Intervention de Jean-Louis Bourlanges

Réunion du mercredi 28 novembre 2018 à 10h00
Commission spéciale chargée d'examiner le projet de loi habilitant le gouvernement à prendre par ordonnance les mesures de préparation au retrait du royaume-uni de l'union européenne

Photo issue du site de l'Assemblée nationale ou de WikipediaJean-Louis Bourlanges, président :

J'ai avec vous, madame la ministre, un désaccord juridique sur l'interprétation de l'article 50. Si les Britanniques décidaient de revenir, seraient-ils fondés à le faire ? Vous avez semblé donner l'impression qu'ils le seraient. Sur le plan politique, cela s'imposerait à nous. Mais, sur le plan juridique, je me rappelle très bien les conditions dans lesquelles avait été discuté l'article 50 lors de la convention établissant le traité constitutionnel européen (TCE) – puisque le traité de Lisbonne ne fait que reprendre la disposition du TCE. Les auteurs de cet article à paternité multiple avaient pour objectif clair d'enfermer ceux qui voudraient sortir de l'Union dans un délai précis et de ne pas les autoriser à dire, vingt-deux mois plus tard : « Finalement, nous revenons », avant de décider au bout de vingt-six mois que, tout compte fait, ils repartaient.

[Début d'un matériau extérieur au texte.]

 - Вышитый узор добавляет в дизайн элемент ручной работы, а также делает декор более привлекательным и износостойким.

Il y a donc un problème mais, comme l'a dit un jour Pascal Lamy, le droit européen, comme la peau des ours, se tire dans tous les sens. Et, politiquement, vous avez raison de dire que si, demain, les Britanniques disaient « Pouce ! On s'est trompé, on revient », le cercle de famille applaudirait à grands cris.

D'autre part, vous avez donné, comme de manière incidente, à la fin de vos réponses, une indication qui n'a rien d'anodin : les délais de ratification risquent d'être un peu allongés. Nous n'allons pas engager maintenant une discussion sur les délais de ratification, mais je rappelle que depuis la révision constitutionnelle de 2008, le Parlement a un droit d'amendement sur le contenu des ordonnances. Comme vous avez aussi mentionné que les mesures prises seraient des mesures temporaires, nous souhaitons que la combinaison de ce caractère temporaire et de l'allongement du délai avant la ratification n'aboutisse pas à neutraliser la portée du droit d'amendement. Mais je crois que tout cela ne posera pas de problème.

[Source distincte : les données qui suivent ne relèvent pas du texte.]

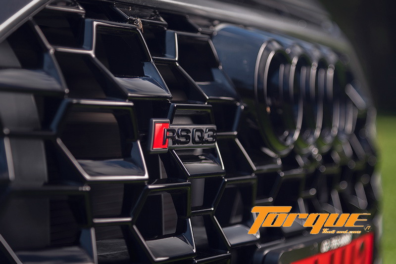 เกรด RS ถูกเพิ่มความดุดันด้วยการตกแต่งสีดำเงา (แทนที่โครเมี่ยม, สีเงิน หรือสีเดียวกับตัวรถ ใน Q3 รุ่นมาตรฐาน) ที่โดดเด่นคือกันชนหน้าซึ่งมีช่องรับอากาศขนาดใหญ่ที่ไม่เพียงแค่ความสวยงามเท่านั้น ทว่าทุกช่องยังถูกใช้ประโยชน์จริงอีกด้วย กระจังหน้าแบบชิ้นเดียวขนาดมหึมาใช้สีดำล้วนไม่เว้นแม้กระทั่งสัญลักษณ์ “สี่ห่วง” ปลายท่อไอเสียก็ใช้สีดำเงาเช่นกัน โดยชุดท่อเป็นออปชั่น ‘RS Sport’ ที่ต้องสั่งติดตั้งเพิ่มในตลาดต่างประเทศ แต่ Audi ประเทศไทย ติดตั้งมาให้เป็นอุปกรณ์มาตรฐาน ซึ่งจะให้เสียงกระหึ่มกว่าท่อเดิมขึ้นไปอีกระดับ

Enfin, je rappelle à ceux qui s'inquiètent légitimement du processus en cours, ou qui s'interrogent à juste titre sur l'avenir des fonctionnaires européens, que nous recevrons mardi prochain M. Jean-Claude Juncker, le président de la Commission européenne.

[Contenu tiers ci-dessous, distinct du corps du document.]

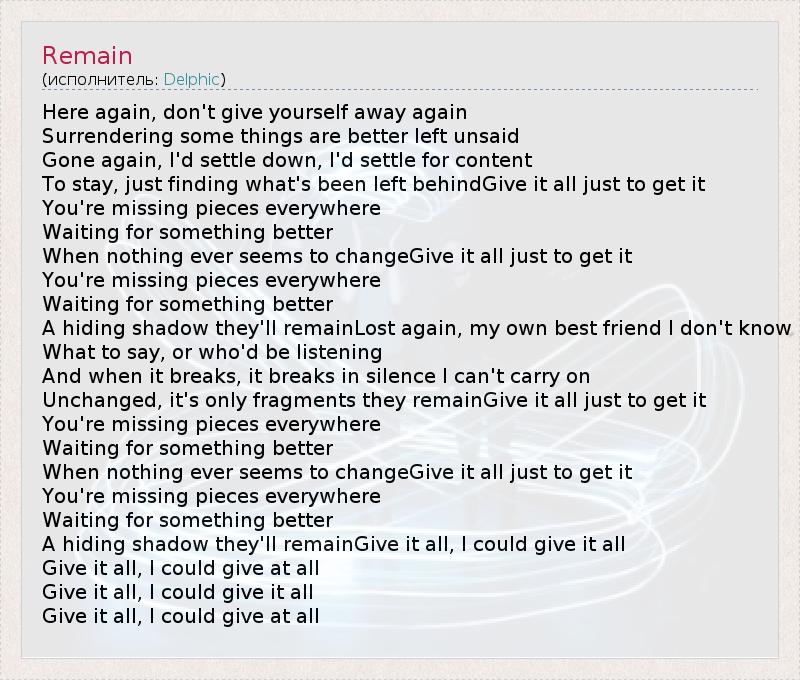 Here again, don't give yourself away again Surrendering some things are better left unsaid Gone again, I'd settle down, I'd settle for content To stay, just finding what's been left behindGive it all just to get it You're missing pieces everywhere Waiting for something better When nothing ever seems to changeGive it all just to get it You're missing pieces everywhere Waiting for something better A hiding shadow they'll remainLost again, my own best friend I don't know What to say, or who'd be listening And when it breaks, it breaks in silence I can't carry on Unchanged, it's only fragments they remainGive it all just to get it You're missing pieces everywhere Waiting for something better When nothing ever seems to changeGive it all just to get it You're missing pieces everywhere Waiting for something better A hiding shadow they'll remainGive it all, I could give it all Give it all, I could give at all Give it all, I could give it all Give it all, I could give at all

Je vous remercie très chaleureusement, madame la ministre, pour la précision et la qualité de vos réponses et pour la disponibilité dont vous avez fait preuve. Cet échange a été extrêmement fructueux et je me réjouis que, quelles que soient nos opinions respectives, le Gouvernement et les membres de la commission spéciale aient en commun la conscience aigüe de la gravité de l'enjeu. La sortie du Royaume-Uni de l'Union européenne est une épreuve redoutable pour tous, et pas seulement pour les Britanniques. Loin de nous, donc, toute Schadenfreude, toute joie mauvaise à l'idée du malheur d'autrui. En réalité, les Britanniques, s'ils sortent de l'Union dans de mauvaises conditions, en subiront des conséquences très lourdes, mais les conséquences d'une mauvaise séparation seront réelles pour nous également. Rappelons-nous les mots du général de Gaulle : « La vie est un combat, le succès coûte l'effort, le salut exige la victoire. » Nous sommes dans un combat pour une sortie digne, dans le respect des intérêts de la France ; la conscience de la gravité de l'enjeu habite cette commission spéciale et je m'en réjouis.